QuantizerForCausalLM is a subclass of AutoModelForCausalLM,
so it automatically determines the model class from the Hugging Face model ID in the same way as
AutoModelForCausalLM.
from furiosa_llm.optimum import QuantizerForCausalLM
model_id = "meta-llama/Llama-3.1-8B-Instruct"
quantizer = QuantizerForCausalLM.from_pretrained(model_id)
Calibrate and Quantize the Model#
Once a model is loaded, you can calibrate and quantize it by calling the
QuantizerForCausalLM.quantize() method.
The quantize() method takes as arguments the model to be quantized, a data loader, and a
quantization configuration. The create_data_loader function helps generate a data loader
that supplies the quantization process with an appropriate sample dataset.

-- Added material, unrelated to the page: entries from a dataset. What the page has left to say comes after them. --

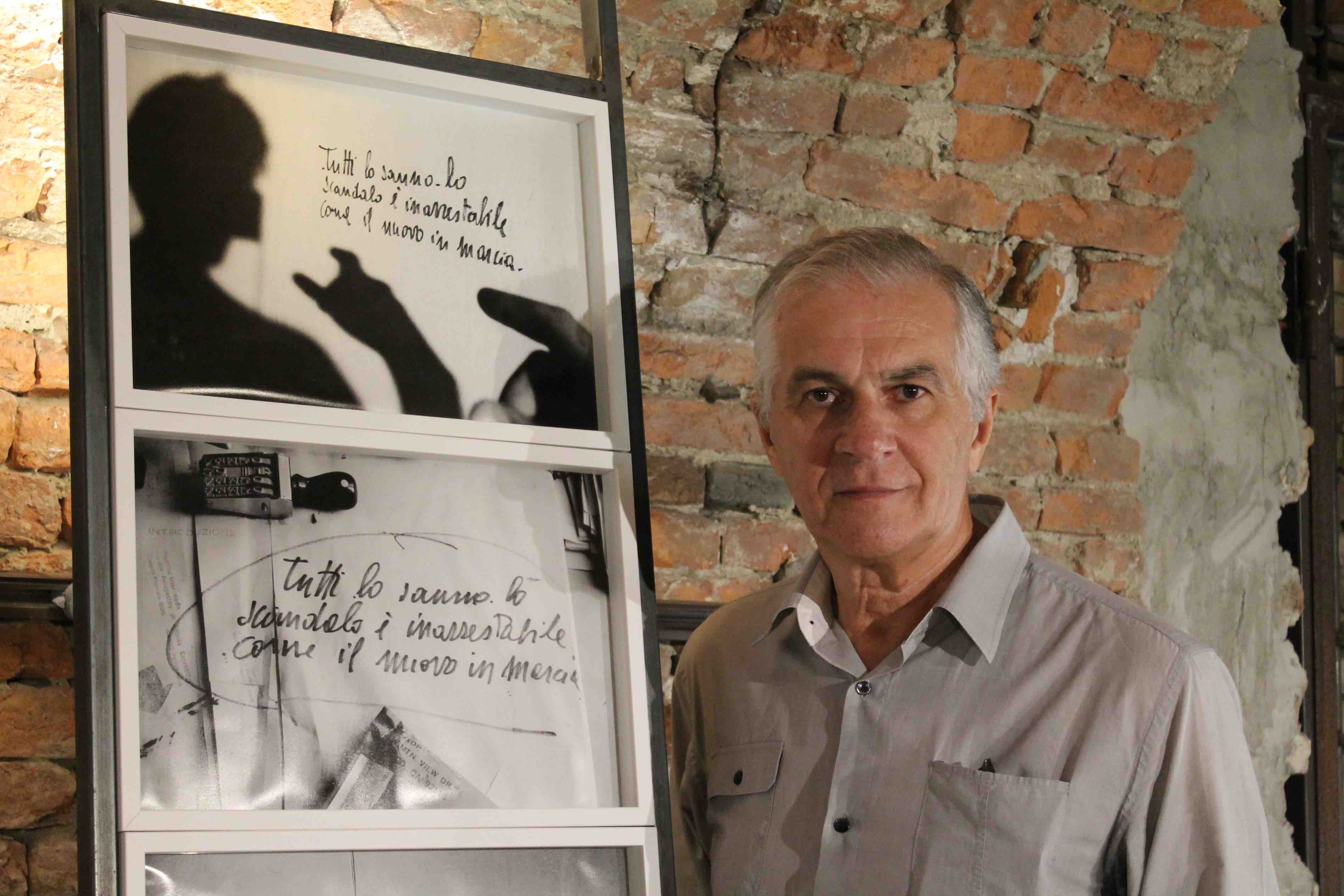 L’opera in mostra da zanzara arte contemporanea è del 1975 ed è il risultato di un’azione urbana registrata con il Geloso (“allora c’era il Geloso, un registratore a bobina, lo chiamavamo il Gelosino”) e documentata fotograficamente. L’opera è una commistione tra fotografia e suono e secondo l’artista è proprio il suono, la sua potenza che agisce sull’immagine, “è come se attivasse l’immagine fissa”.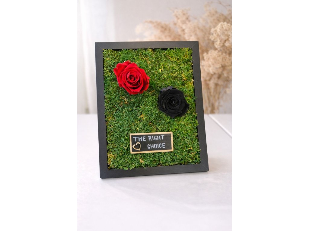 Dvě stabilizované růže zasazené do přírodního mechu připomínají, že protiklady mohou existovat vedle sebe. Ne jako soupeři, ale jako součást jednoho rozhodnutí. Toho, které je v souladu s vámi.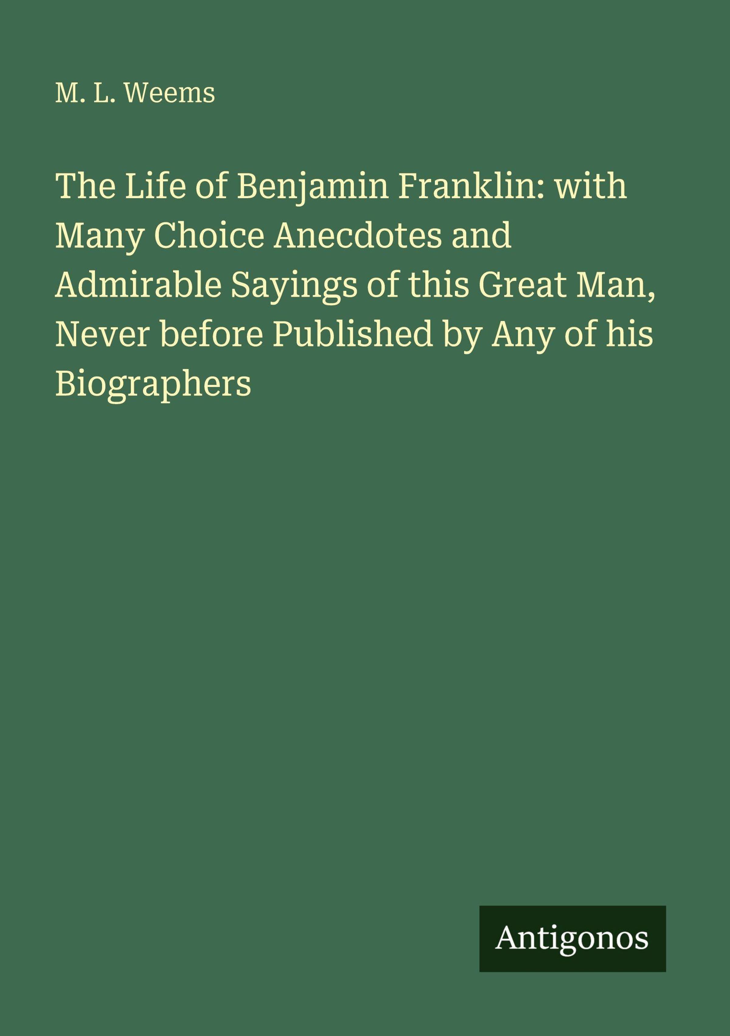 M. L. Weems: The Life of Benjamin Franklin: with Many Choice Anecdotes and Admirable Sayings of this Great Man,..., Kartoniert / Broschiert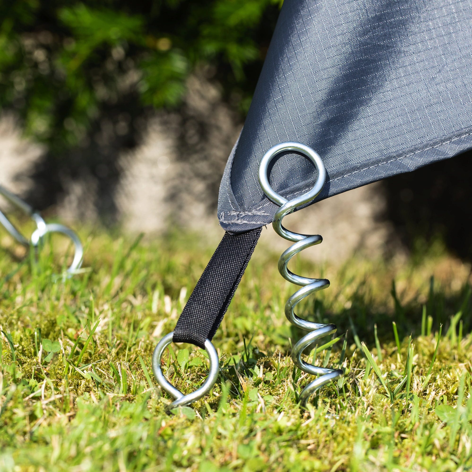 Spiralny śledź gruntowy umożliwia łatwe wkręcanie w podłoże, zapewniając solidne zakotwiczenie plandek, żagli przeciwsłonecznych, trampolin, szklarni pomidorowych czy namiotów. Dodatkowo może służyć do przypięcia psa podczas wyjazdów.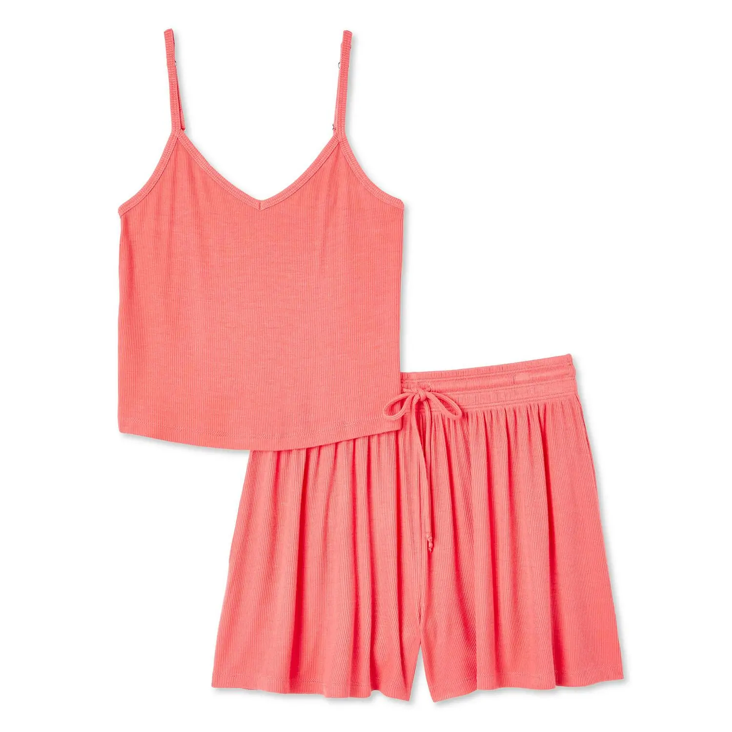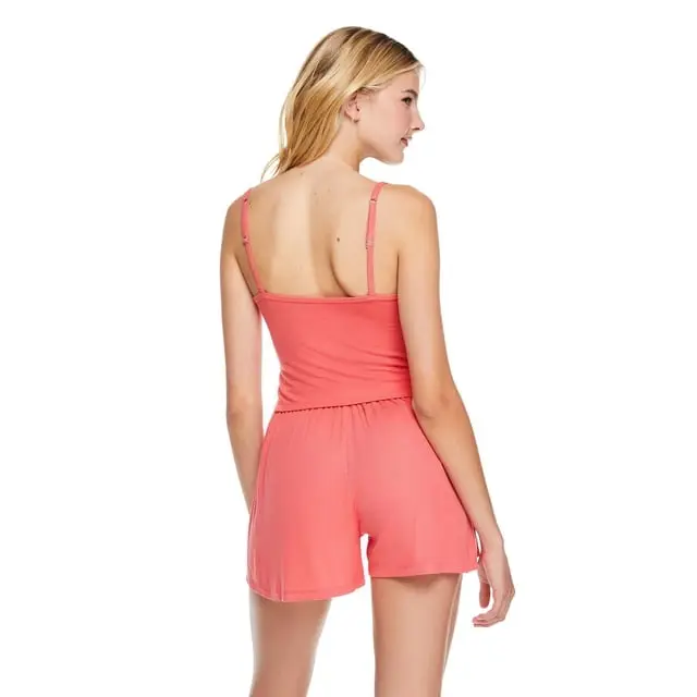 NOBO No Boundaries Women's Rib Pajama Coral 2-Piece Set (S/P)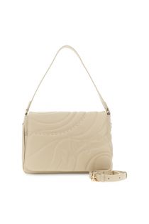 Sac à rabat matelassé et rembourré en similicuir orné de rivets décoratifs. Bandoulière courte et bandoulière amovible avec mousquetons métalliques.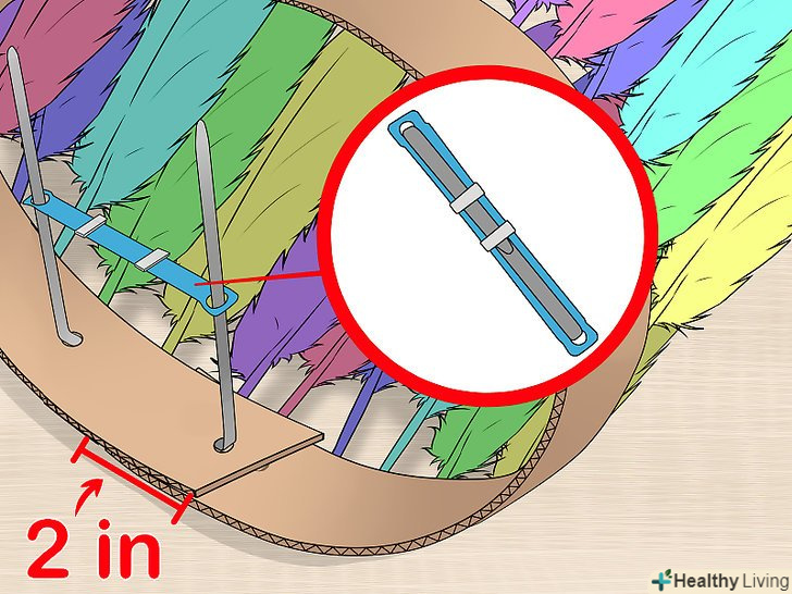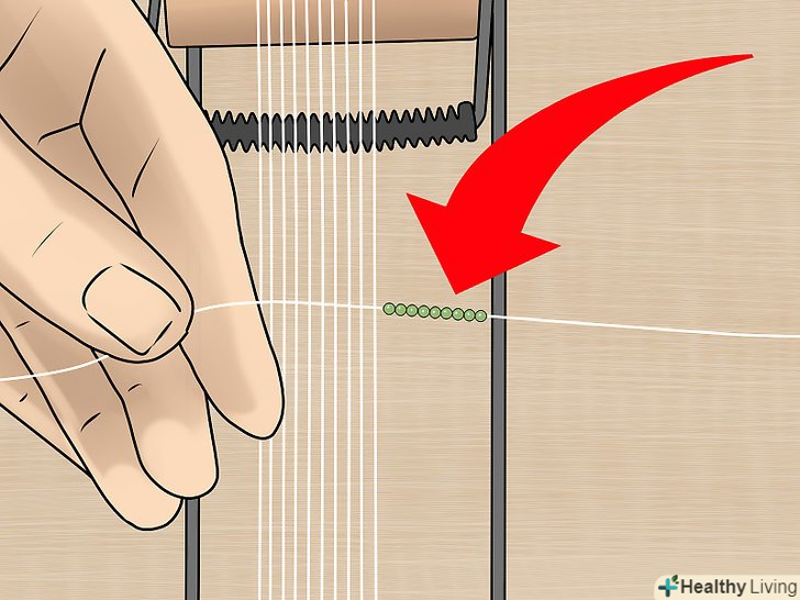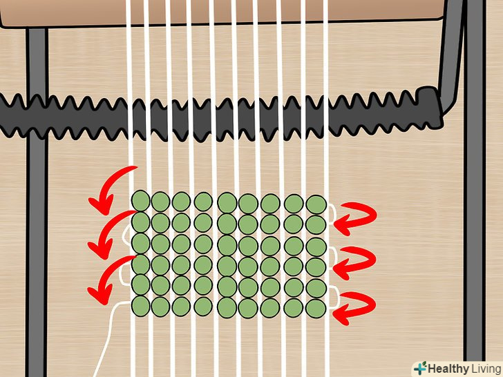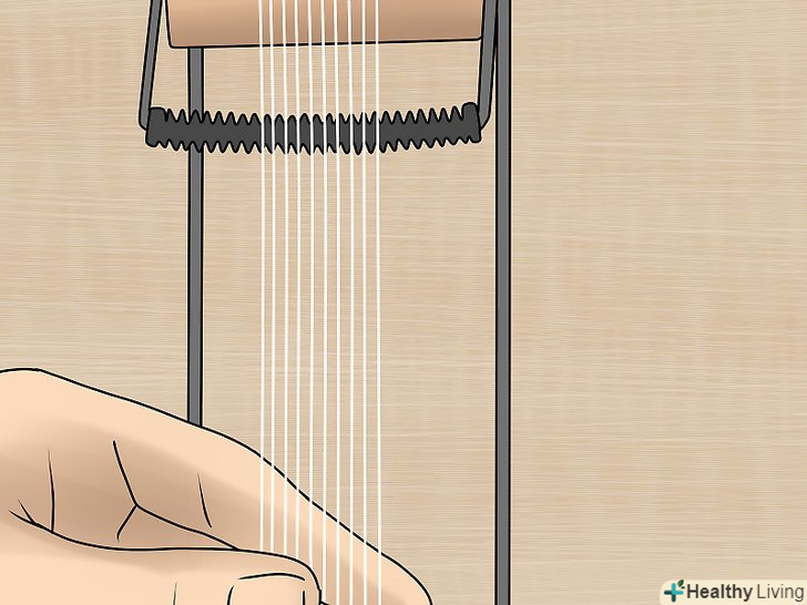 Заправте Ткацький верстат для бісеру. Прив'яжіть нитку до самого лівого зубчику верстата (гребінця), простягніть її до іншого боку верстата і відріжте, залишивши виступати хвостик довжиною 5-8 см.Прив'яжіть цей хвостик до самого лівого зубчику верстата цієї сторони. Повторюйте процедуру до тих пір, поки у вас не буде натягнуто достатньо ниток для втілення в життя задуманого дизайну.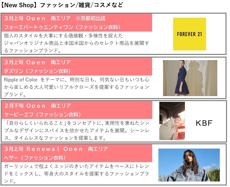 南エリアでは、Z世代に人気の店舗が続々オープンします。ファッション衣料では、日本再上陸を果たしたFOREVER 21が京都初出店。約60坪の店内に、本国米国・日本オリジナルの厳選された商品を展開します。また、心はずむ可愛いファッションを提案するダズリン、可愛らしさと女性らしさを叶えるランジェリーブランドのリサマリ、シンプルなデザインとミニマルで実用性を兼ねたスタイルを提案するケービーエフが新規出店します。その他にも、西エリアでZ世代のお客様からの支持が厚いヘザーが南エリアに移転します。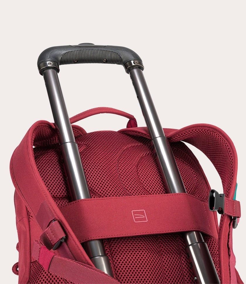 Bên trong balo được phân chia thành các ngăn riêng biệt, có ngăn thiết kế đặc biệt cho cả laptop và máy tính bảng. Mặt trước balo có túi để đựng các phụ kiện khác, dây đeo vai ở mặt sau có thể điều chỉnh độ dài và tích hợp thêm dây đeo xe đẩy tiện lợi. Hai bên balo có thêm hai túi rộng rãi để bạn có thể đem thêm một chai nước và một cây dù.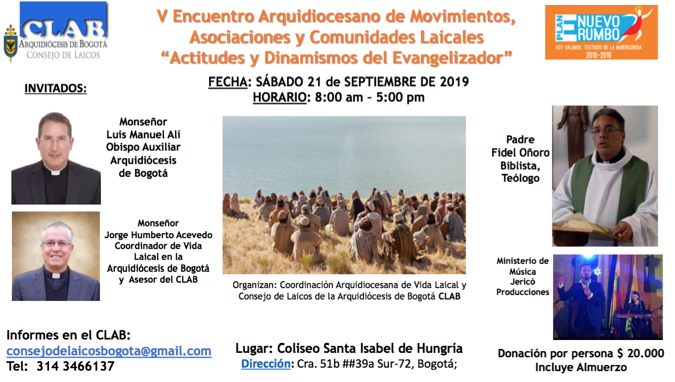 Centro de información Yo quiero Noticias Boletines Eventos Artículos Canonización Mensajes del Señor Cardenal Cartas pastorales Homilías Mensajes La voz del pastor Documentos del Vaticano NoticiasActitudes y dinamismos del evangelizador18 de Septiembre de 2019Encuentro anual de los laicos provenientes de las diferentes asociaciones y movimientos laicales de la arquidiócesis de BogotáDirigido a: Miembros de movimientos y… Like 0 Dislike 0 Noticias relacionadas Video del papa - noviembre de 2025 La Iglesia Samaritana que abraza a Bogotá #Destacado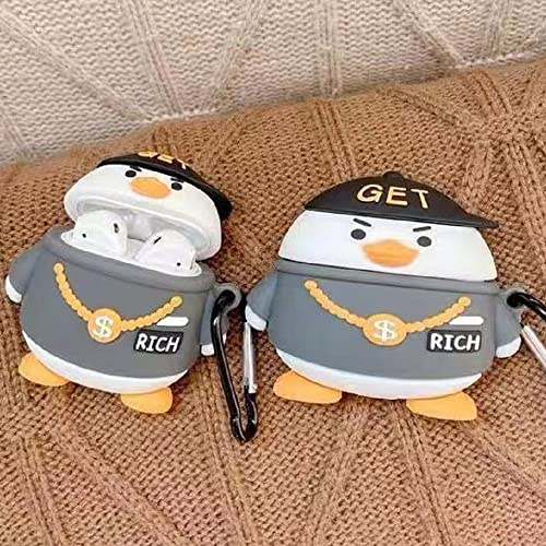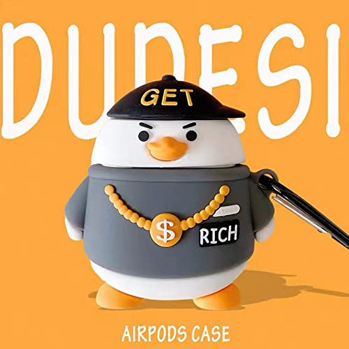 Suwegx Custodia protettiva per Airpods di seconda generazione, creativa bella 3D Hip-hop Duck in silicone con portachiavi, custodia antiurto per Airpod

When creating a data loader, you can configure parameters such as the tokenizer, dataset name or path, dataset split, number of samples, and maximum sample length. These parameters can significantly impact the accuracy of the quantized model, so some experimentation is typically necessary to determine the optimal settings.
Tip
create_data_loader is based on the datasets library,
which provides easy access to datasets for tasks in audio, computer vision, and
natural language processing (NLP).
Learn more in the
datasets documentation
and explore the available datasets at https://huggingface.co/datasets.
The following example demonstrates how to create a data loader for the calibration dataset.
The quantized model will be saved to the save_dir directory.
from furiosa_llm.optimum.dataset_utils import create_data_loader
from furiosa_llm.optimum import QuantizerForCausalLM, QuantizationConfig
model_id = "meta-llama/Llama-3.1-8B-Instruct"
# Create a dataloader for calibration
dataloader = create_data_loader(
tokenizer=model_id,
dataset_name_or_path="mit-han-lab/pile-val-backup",
dataset_split="validation",
num_samples=5, # Increase this number for better calibration
max_sample_length=1024,
)
quantized_model = "./quantized_model"
# Load a pre-trained model from Hugging Face model hub
quantizer = QuantizerForCausalLM.from_pretrained(model_id)
# Calibrate, quantize the model, and save the quantized model
quantizer.quantize(quantized_model, dataloader, QuantizationConfig.w_f8_a_f8_kv_f8())
The QuantizationConfig class allows you to specify various quantization options
and offers a set of pre-defined quantization configurations.
For example, QuantizationConfig.w_f8_a_f8_kv_f8(), quantizes the weights, activations, and KV cache to 8-bit floating-point (FP8).
Once you have the quantized model, you can create a model artifact using either the
ArtifactBuilder API or the furiosa-llm build command. Below is an example of using the
furiosa-llm build command to generate a model artifact from the quantized model.
furiosa-llm build meta-llama/Llama-3.1-8B-Instruct \
./Output-Llama-3.1-8B-Instruct \
-tp 8 \
--max-seq-len-to-capture 2048
Deploying Model Artifacts#
Once you have a model artifact, you can transfer and reuse it on any machine with a Furiosa NPU and Furiosa-LLM installed. To transfer a model artifact:
Compress the model artifact directory using your preferred compression tool.
Copy the compressed file to the target host.
Uncompress it on the target machine.
Run the model using either the LLM class or the OpenAI-Compatible Server.
For quick examples of loading and running model artifacts, refer to the Quick Start with Furiosa-LLM section.